Because the Court lacks federal jurisdiction herein it would be improper for the Court to grant a partial summary judgment dismissing the bulk of the plaintiff’s demands, and then remand the remaining claim for $2,000 to the state court. In other similar cases ordering remand under similar facts, the judgment of the court ordered remand only without ruling on any pending motions to dismiss or for summary judgment. E.g. North American Transportation Co. v. Morrison, supra; Wiggins v. N. Amer. Equit. Life Assur. Co., supra; Melkus v. Allstate Ins. Co., supra; Sadler v. Penn. Refining Co., 31 F.Supp. 1 (W.D.S.Car.1940); Stone v. Central Surety & Ins. Corp., 51 F.Supp. 432 (S.D.N.Y.1943). Almost directly analogous to the case pending before the Court is Jeter v. Jim Walter Homes, Inc., 414 F.Supp. 791 (W.D.Okla.1976). In the Jeter case, the plaintiff sought various items of damage for breach of an employment contract. His claim included a sum for future wages, without which the requisite jurisdictional amount was nonexistent. The defendant moved for summary judgment. The court found that the plaintiff was not entitled to payment for his lost future wages. However, the court noticed sua sponte that because of this the court lacked jurisdiction. Although the court found that the plaintiff was not entitled to recover for future wages, the judgment only ordered remand of the case, without reference to any other disposition of that claim and without reference to the motion for summary judgment.

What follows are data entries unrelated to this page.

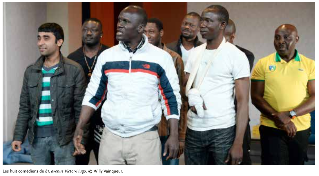 Accueilli avec enthousiasme par le public d’Aubervilliers lors de sa création au printemps 2015, 81, avenue Victor-Hugo l’est aussi par les pouvoirs publics. Le préfet délégué pour l’Égalité des chances, Didier Leschi, assiste au spectacle, qui semble le ravir : « C’est du théâtre militant plutôt bien fait. La mise en scène ne tombe pas dans le misérabilisme. Ces sans-papiers ne sont pas dans la pros- tration, ils ont créé une dynamique [10]. » Jugement esthétique qui se replie sur l’évaluation politique, et inverse- ment. Surtout, critique singulière qui sera décisive dans ce qui va se jouer dans les coulisses de ce théâtre. Le soir même, le préfet décide d’accompagner la démarche de ces comédiens ; il transmet le dossier au directeur du service de l’immigration, Jean-Pierre Sudrié. Ils étaient en France depuis huit, cinq ou trois ans, et militaient pour leurs droits, aidés par la mairie d’Aubervilliers depuis des mois : mais à la suite du spectacle, en quelques jours, ils reçoivent une convocation pour l’examen de leur dossier en vue de leur régularisation, que certains des huit sur le plateau obtiennent dès le 8 juin. Le 10 juillet, ils reçoivent leur carte de séjour. Mais les pouvoirs publics refusent la régularisation collective que réclament les quatre-vingts d’Aubervilliers. Le piège est partout : dans la logique discrétionnaire du « cas par cas » qui isole, distingue les réfugiés politiques des migrants économiques, comme s’il y avait chez les seconds un choix moins défendable ; distinction qui évacue la possibilité d’envisager globale- ment la situation d’ensemble — là où précisément la pièce voudrait faire entendre la force de trajectoires singulières, mais prises dans les mêmes tracés et engagés dans un même monde.
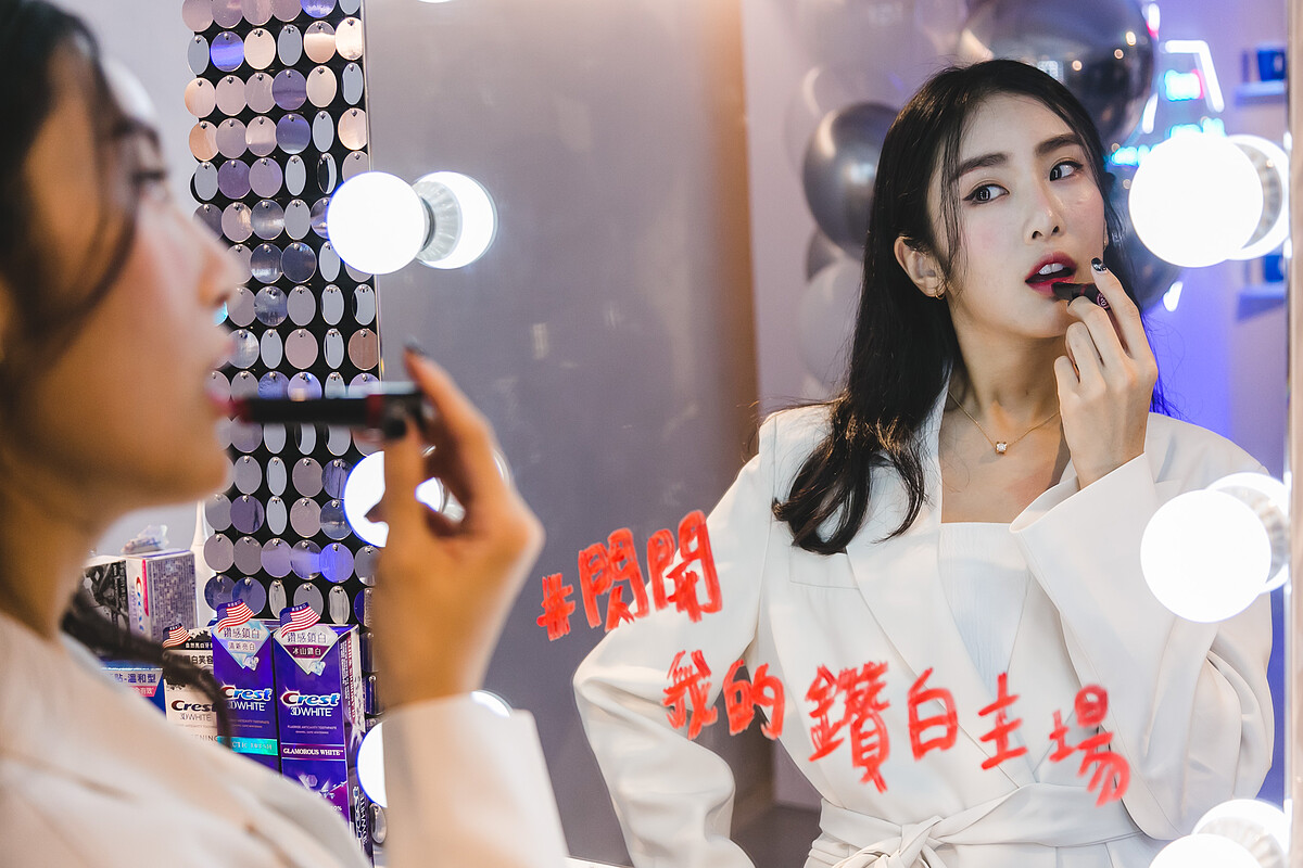 瞧,有了Crest為自己打造鑽白美齒,什麼唇色都能完美駕馭!
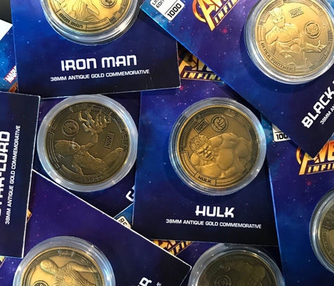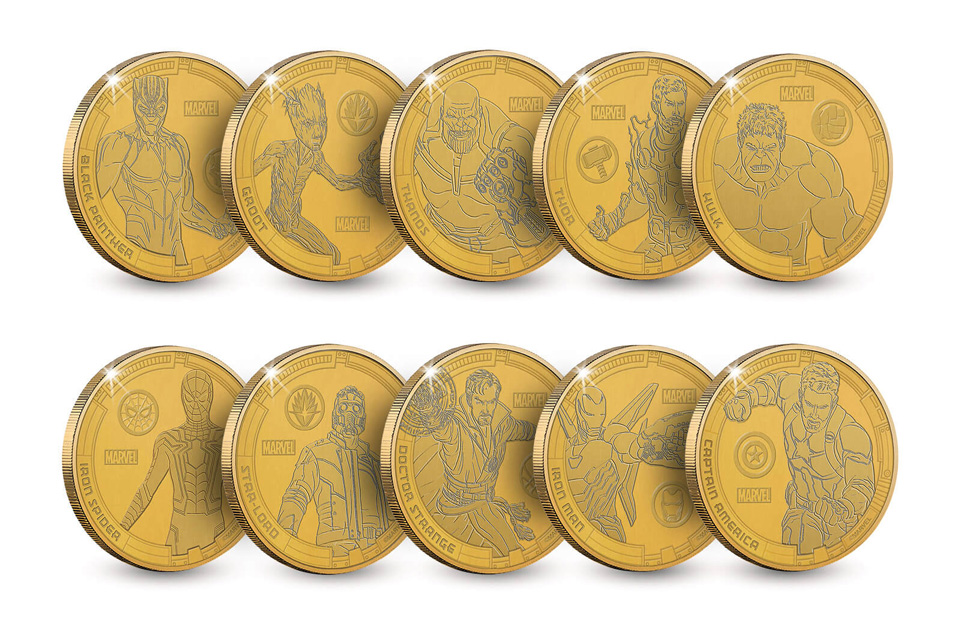 Description éditeur : Complétez votre collection de pièces commémoratives Marvel Infinity War avec cet ensemble complet de 10 pièces en métal massif de 38 mm, chacune décorée de vos personnages préférés du film au fini or antique. Emballé dans une capsule d’affichage en acrylique transparent avec son propre pack de présentation de cartes.

This Court’s conclusion that the Court must remand the case after a finding that the requisite jurisdictional amount is lacking without ruling on a pending motion for summary judgment is supported by the following analysis in 10 C. Wright and A. [643]*643Miller, Federal Practice and Procedure § 2713 at 391 and 404-405:
“A motion under Rule 12(b) usually raises a matter of abatement and a dismissal for any of the reasons listed in that rule will not prevent the claim from being reasserted once the defect is remedied. Thus a motion to dismiss for lack of subject matter or personal jurisdiction ... only contemplates a dismissal of the proceeding, not a judgement on the merits for either party...”
******
“... If the court has no jurisdiction, it has no power to enter a judgement on the merits and must dismiss the action. In addition, a dismissal for want of jurisdiction has no res judicata effect and the same action subsequently may be brought in a court of competent jurisdiction. A summary judgement, on the other hand, is on the merits and purports to have a res judicata effect on any later action. ..”
The Fifth Circuit Court of Appeals has also repeatedly stated that where a court does not have subject matter jurisdiction, whether for lack of jurisdictional amount or otherwise, the court does not have the power to render a summary judgment in that case. Heyward v. Public Housing Authority, 238 F.2d 689 (5 Cir. 1956); Dassinger v. So. Central Bell Telephone Co., 505 F.2d 672 (5 Cir. 1974); Boudloche v. Conoco Oil Corp., 615 F.2d 687 (5 Cir. 1980). Since the Court has no jurisdiction in the matter sub judice, it may enter no judgment on the merits. Although the Court’s decision to remand may leave this Court powerless to direct the subsequent course of the action in the state court proceeding, the case must be remanded to state court.
Therefore, the Court having found that plaintiff, as a matter of law, is limited to a recovery of $2,000, and thus, the Court does not have jurisdiction under 28 U.S.C. § 1332, the Court on its own motion hereby remands this suit to the 18th Judicial District Court for the Parish of West Baton Rouge, Louisiana.
Judgment shall be entered accordingly.